SparkStreaming consumes Kafka data and manually submits the offset to maintain in a custom environment

The so-called manual offset management is that the user defines when the message is actually processed, and usually uses the offset to do some other operations before submitting the offset. The advantage is that the user can ensure that only the message is actually processed. Submit the offset again. Therefore, we need to obtain the real-time offset in the code logic and ensure the timing of <<submit the offset after the task processing is completed>>.

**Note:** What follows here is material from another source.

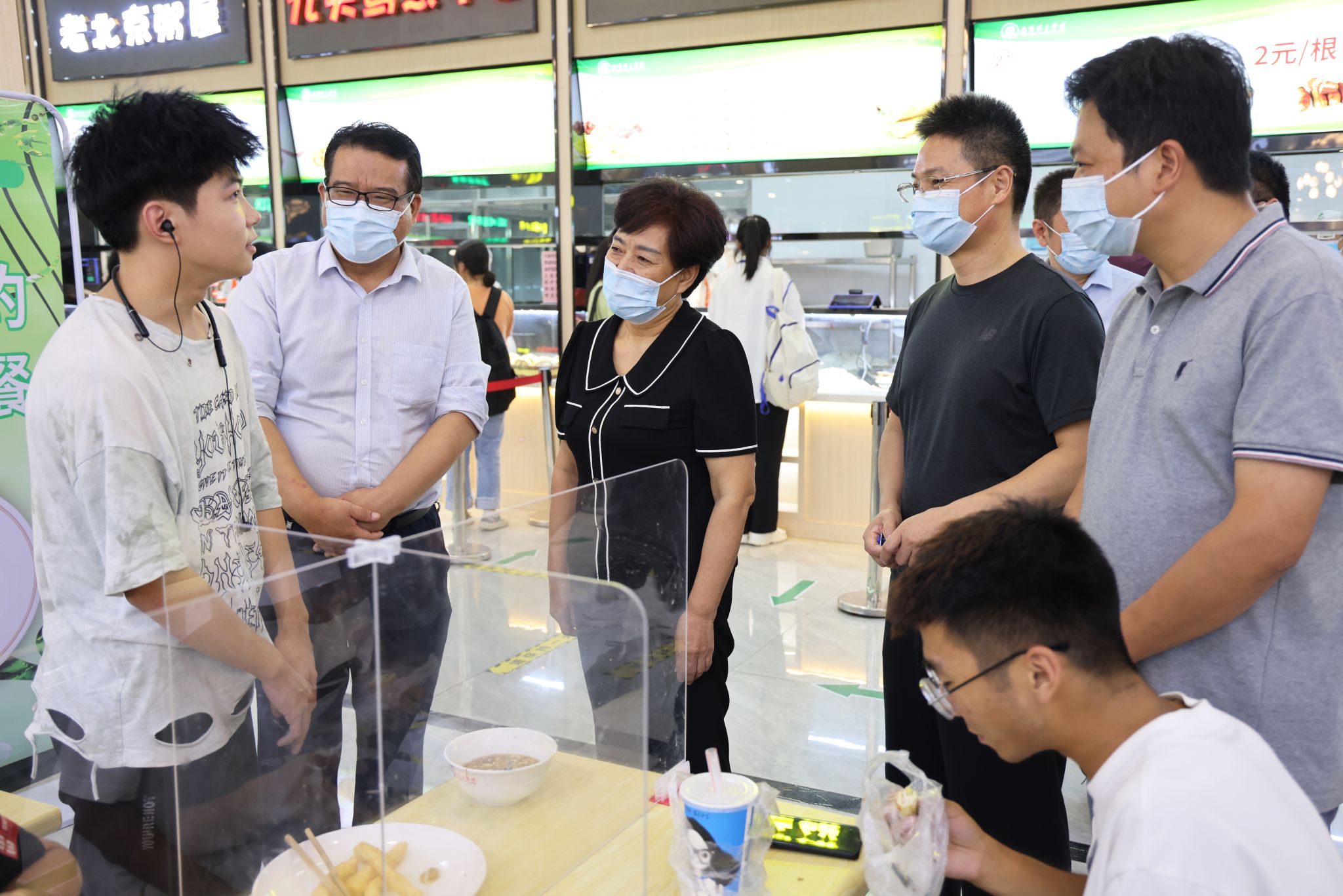 在老校区学苑餐厅,校领导一行认真查看供餐品种、价格、学生用餐秩序等情况并与学生亲切交谈,询问学生就餐体验以及对学校后勤服务的意见建议,并为学生送上温暖的节日祝福。

Manual management of Kafka offset has the following advantages:

a) Under normal circumstances, ensure that data will not be lost and will not be consumed repeatedly

b) You can easily view the offset information

The operating api is the OffsetRange class, which has an untilOffset() method, which can get the end offset corresponding to the partition of the operation in the batch of data. There is also the fromOffset() method, which corresponds to the starting offset.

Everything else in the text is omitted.